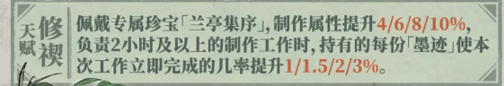 专属珍宝「兰亭集序」建议尽早入手。若未装备该珍宝,则「修禊」仅保留制作属性加成效果,缺失关键的即刻完成概率增益,整体强度明显削弱。资源紧张时,可优先升级「入木」天赋,因其产量提升与补货折扣两大收益无需依赖珍宝即可稳定生效。
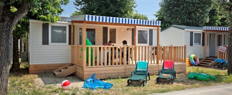Mobilheim auf dem 5 Sterne Campingplatz Julianahoeve. Das 3-Zimmer-Mobilheim Mars 24 qm ist für 4 Erwachsene und 1 Kind bis 6 Jahre geeignet. Das Mobilheim verfügt über 2 Schlafzimmer.
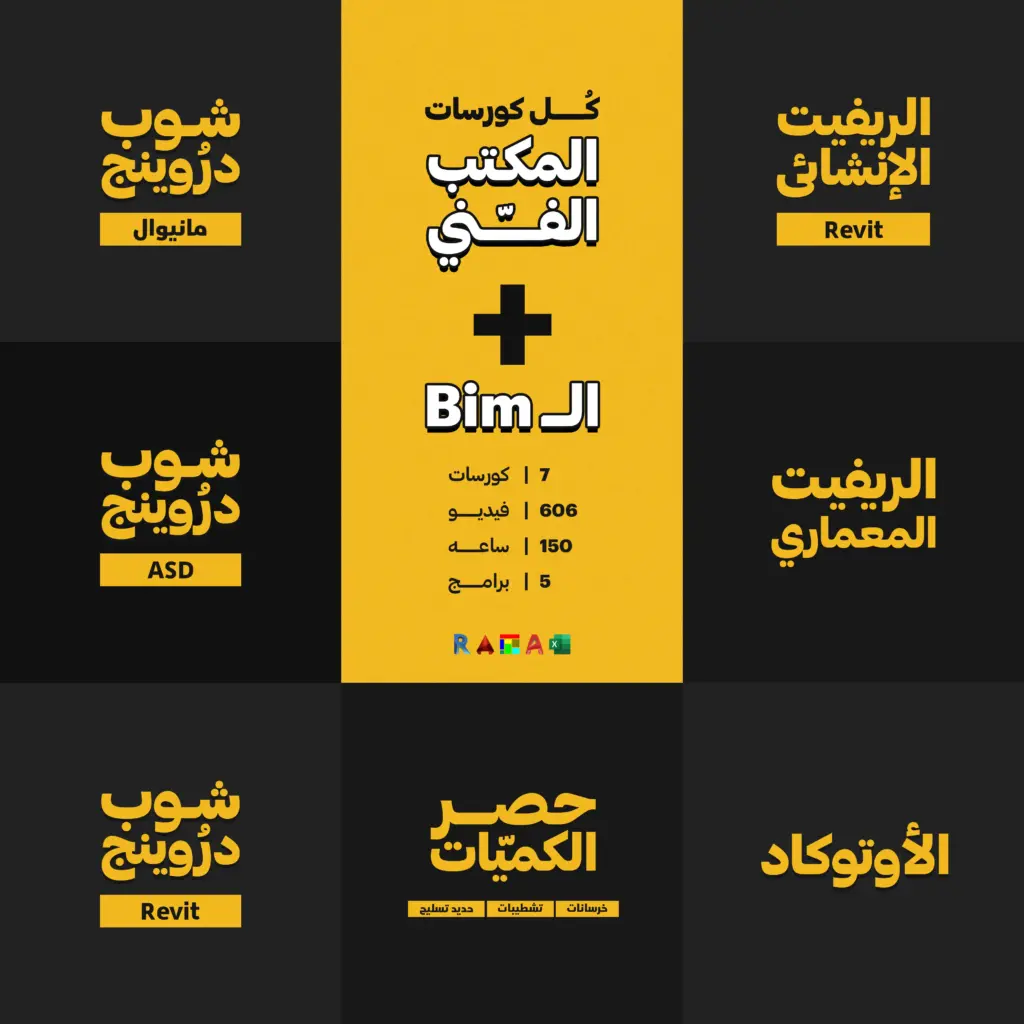 - هتتعلم إعداد المشروع، ضبط الليفلز والمناسيب، وإنشاء العناصر الأساسية زي الحوائط، الأبواب، الشبابيك، الأسقف، الأرضيات، والسلالم.
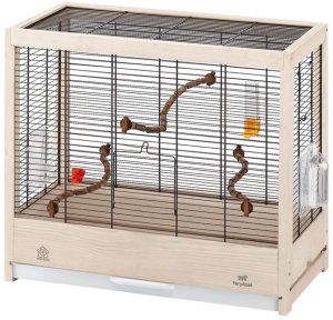Vybavená klietka pre vtáky stredného rozmeru s konštrukciou z masívneho dreva.
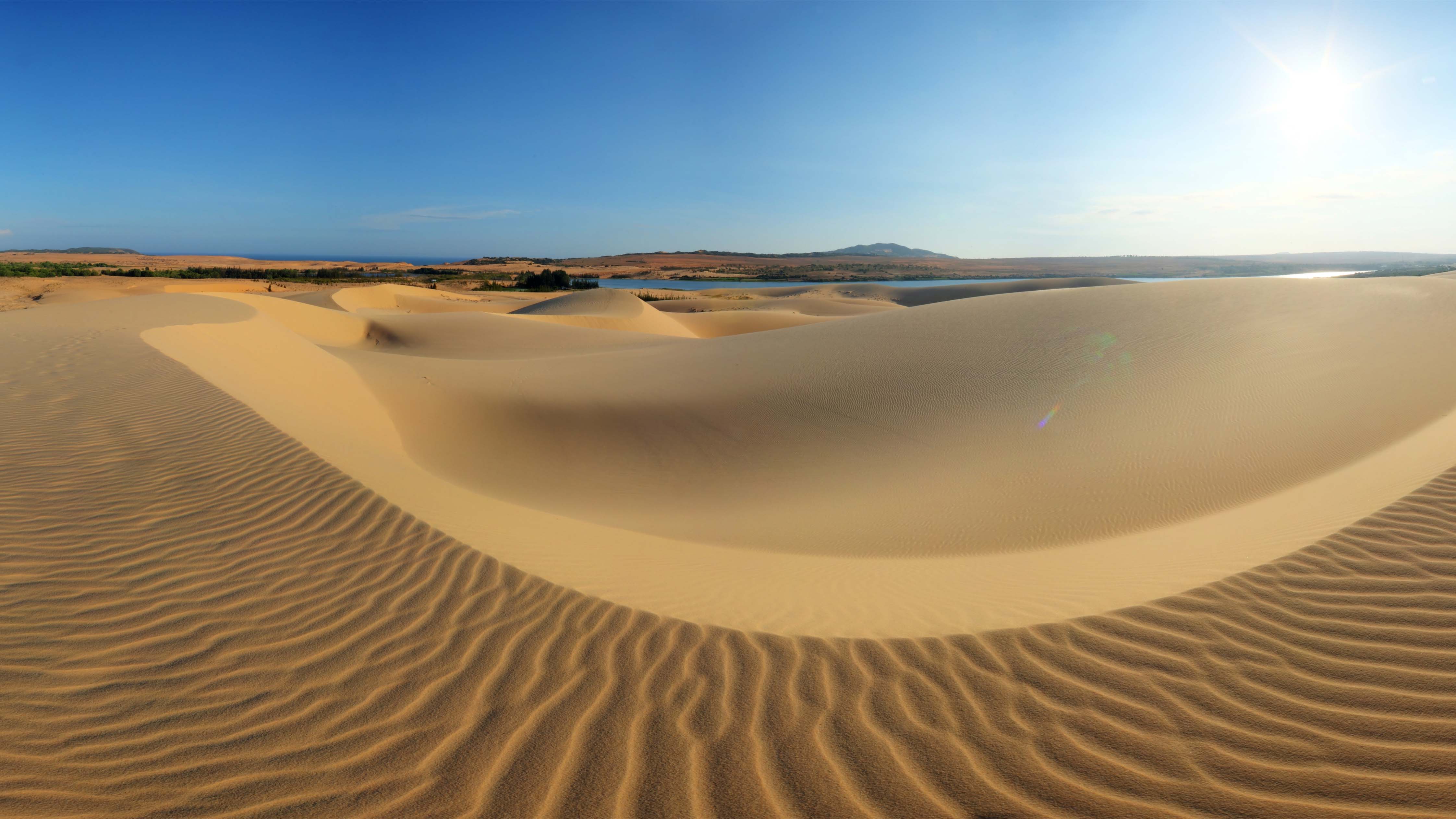 ទួលភ្នំខ្សាច់ Bay ស្ថិតនៅខេត្ត Binh Thuan ហើយលាតសន្ធឹងទៅដល់ខេត្ត Ninh Thuan នៅផ្ទៃដៃចំនួន៥០ហិកតា ប៉ុន្តែតំបន់ស្អាតបំផុតគឺនៅ Mui Ne ដែល ស្ថិតនៅចម្ងាយចំនួន២០គីឡូម៉ែត្រពីទីក្រុង Phan Thiet។ ទួលភ្នំខ្សាច់នេះ ត្រូវ បានចាប់ប្រភពមុននេះរាប់រយឆ្នាំពីអណ្ដូងរ៉ែដែក។ ទីនេះមានឈ្មោះថា ទួល ភ្នំខ្សាច់ Bay (ហោះ) ដោយសារខ្យល់បក់ធ្វើឲ្យខ្សាច់ហោះ ហើយធ្វើឲ្យរូបរាងរបស់ ទួលភ្នំខ្សាច់នេះផ្លាស់ប្ដូរជាបន្តបន្ទាប់។ លោក Nguyen Thanh Khoa ប្រជាពល រដ្ឋមួយនាក់នៅសង្កាត់ Mui Ne ទីក្រុង Phan Thiet បានឲ្យដឹងថា៖
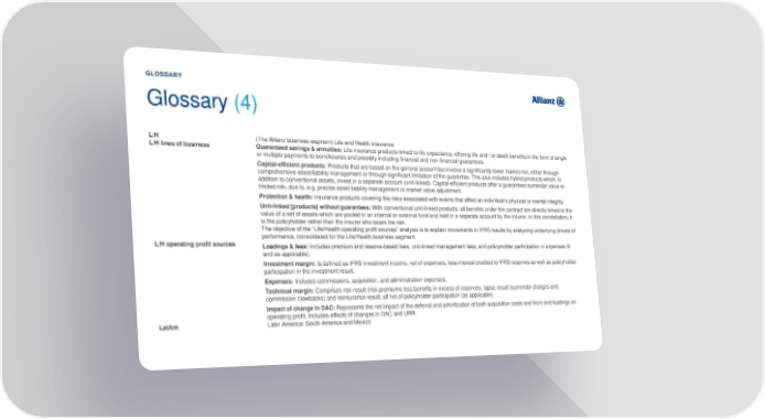 GLOSSARY Glossary (4) L/H (The Allianz business segment) Life and Health insurance L/H lines of business Guaranteed savings & annuities: Life insurance products linked to life expectancy, offering life and / or death benefits in the form of single or multiple payments to beneficiaries and possibly including financial and non-financial guarantees. Capital-efficient products: Products that are based on the general account but involve a significantly lower market risk, either through comprehensive asset/liability management or through significant limitation of the guarantee. This also includes hybrid products which, in addition to conventional assets, invest in a separate account (unit-linked). Capital-efficient products offer a guaranteed surrender value at limited risk, due to, e.g. precise asset-liability management or market value adjustment. Protection & health: Insurance products covering the risks associated with events that affect an individual’s physical or mental integrity. Unit-linked [products] without guarantees: With conventional unit-linked products, all benefits under the contract are directly linked to the value of a set of assets which are pooled in an internal or external fund and held in a separate account by the insurer. In this constellation, it is the policyholder rather than the insurer who bears the risk. The objective of the “Life/Health operating profit sources” analysis is to explain movements in IFRS results by analyzing underlying drivers of performance, consolidated for the Life/Health business segment. L/H operating profit sources Loadings & fees: Includes premium and reserve-based fees, unit-linked management fees, and policyholder participation in expenses (if and as applicable). Investment margin: Is defined as IFRS investment income, net of expenses, less interest credited to IFRS reserves as well as policyholder participation in the investment result. Expenses: Includes commissions, acquisition, and administration expenses. Technical margin: Comprises risk result (risk premiums less benefits in excess of reserves), lapse result (surrender charges and commission clawbacks) and reinsurance result, all net of policyholder participation (as applicable). Impact of change in DAC: Represents the net impact of the deferral and amortization of both acquisition costs and front-end loadings on operating profit. Includes effects of changes in DAC and URR. LatAm Latin America: South America and Mexico
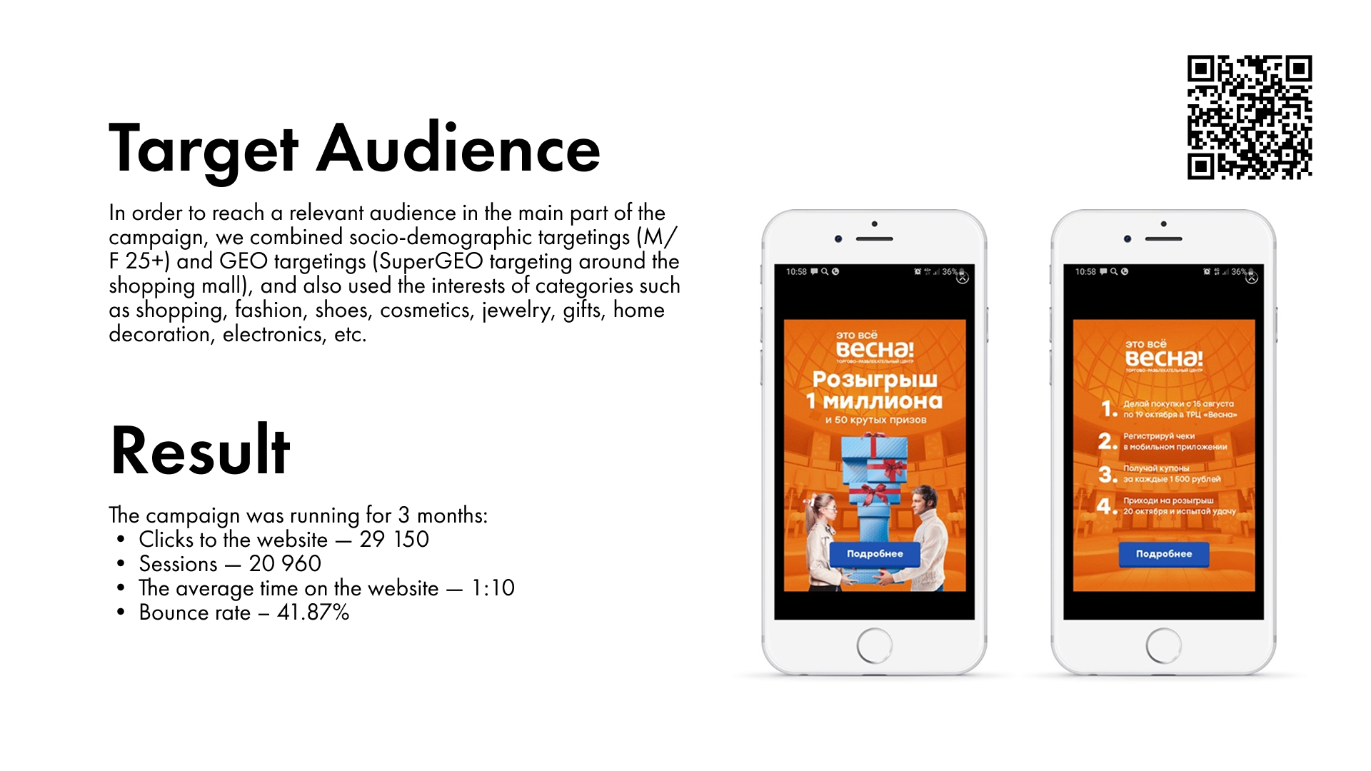 For example, to promote a spring giveaway in a shopping mall, the BYYD team used geo-targeting. Ads were shown to those near the mall who were also interested in fashion, shopping, electronics, etc.
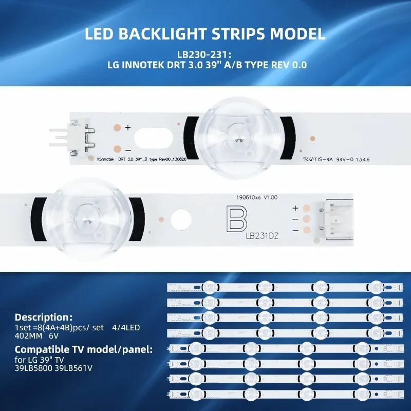 Подсветка для ТВ LG Innotek DRT 3.0 39 A type Rev 0.0 130820 B type Rev00 39LY 39LB интересное:
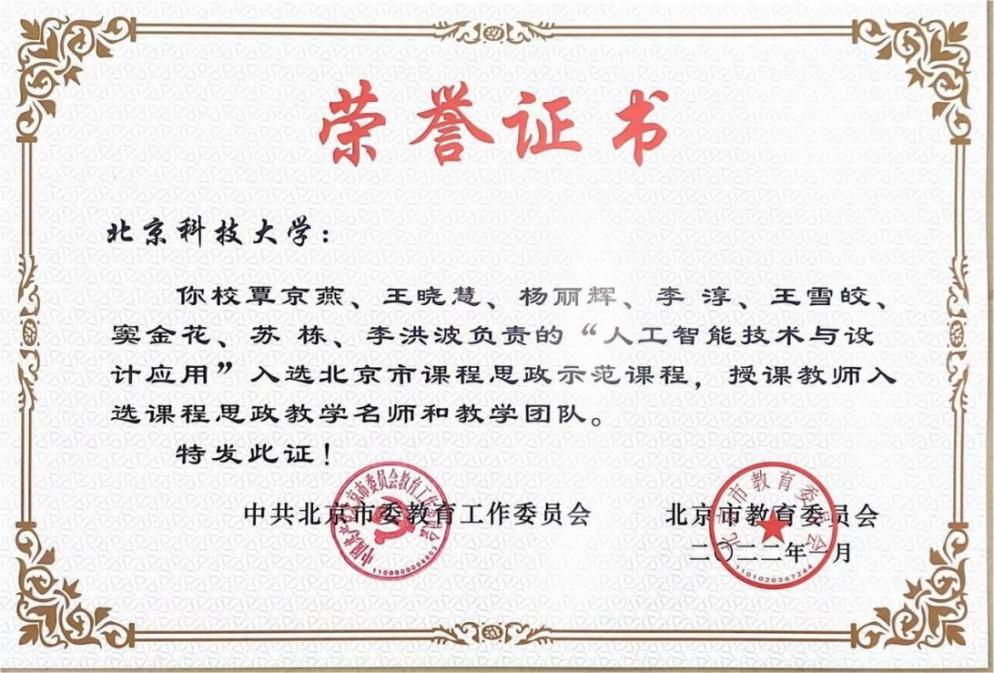 图 《人工智能技术与设计应用》获北京市课程思政示范课程
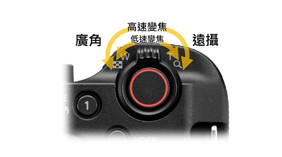 根據變焦環或相機的變焦桿的轉動角度,鏡頭提供兩級的變焦速度。較小的轉動角度會提供較慢的變焦;較大的轉動角度讓鏡頭高速變焦。
::::
*Problem statement:*
The images in the entries above should be left out; please reproduce exactly the lines from the first through the one containing "ទួលភ្នំខ្សាច់ Bay ស្ថិតនៅខេត្ត".

*Output of the task:*
 专属珍宝「兰亭集序」建议尽早入手。若未装备该珍宝,则「修禊」仅保留制作属性加成效果,缺失关键的即刻完成概率增益,整体强度明显削弱。资源紧张时,可优先升级「入木」天赋,因其产量提升与补货折扣两大收益无需依赖珍宝即可稳定生效。
Mobilheim auf dem 5 Sterne Campingplatz Julianahoeve. Das 3-Zimmer-Mobilheim Mars 24 qm ist für 4 Erwachsene und 1 Kind bis 6 Jahre geeignet. Das Mobilheim verfügt über 2 Schlafzimmer.
 - هتتعلم إعداد المشروع، ضبط الليفلز والمناسيب، وإنشاء العناصر الأساسية زي الحوائط، الأبواب، الشبابيك، الأسقف، الأرضيات، والسلالم.
Vybavená klietka pre vtáky stredného rozmeru s konštrukciou z masívneho dreva.
 ទួលភ្នំខ្សាច់ Bay ស្ថិតនៅខេត្ត Binh Thuan ហើយលាតសន្ធឹងទៅដល់ខេត្ត Ninh Thuan នៅផ្ទៃដៃចំនួន៥០ហិកតា ប៉ុន្តែតំបន់ស្អាតបំផុតគឺនៅ Mui Ne ដែល ស្ថិតនៅចម្ងាយចំនួន២០គីឡូម៉ែត្រពីទីក្រុង Phan Thiet។ ទួលភ្នំខ្សាច់នេះ ត្រូវ បានចាប់ប្រភពមុននេះរាប់រយឆ្នាំពីអណ្ដូងរ៉ែដែក។ ទីនេះមានឈ្មោះថា ទួល ភ្នំខ្សាច់ Bay (ហោះ) ដោយសារខ្យល់បក់ធ្វើឲ្យខ្សាច់ហោះ ហើយធ្វើឲ្យរូបរាងរបស់ ទួលភ្នំខ្សាច់នេះផ្លាស់ប្ដូរជាបន្តបន្ទាប់។ លោក Nguyen Thanh Khoa ប្រជាពល រដ្ឋមួយនាក់នៅសង្កាត់ Mui Ne ទីក្រុង Phan Thiet បានឲ្យដឹងថា៖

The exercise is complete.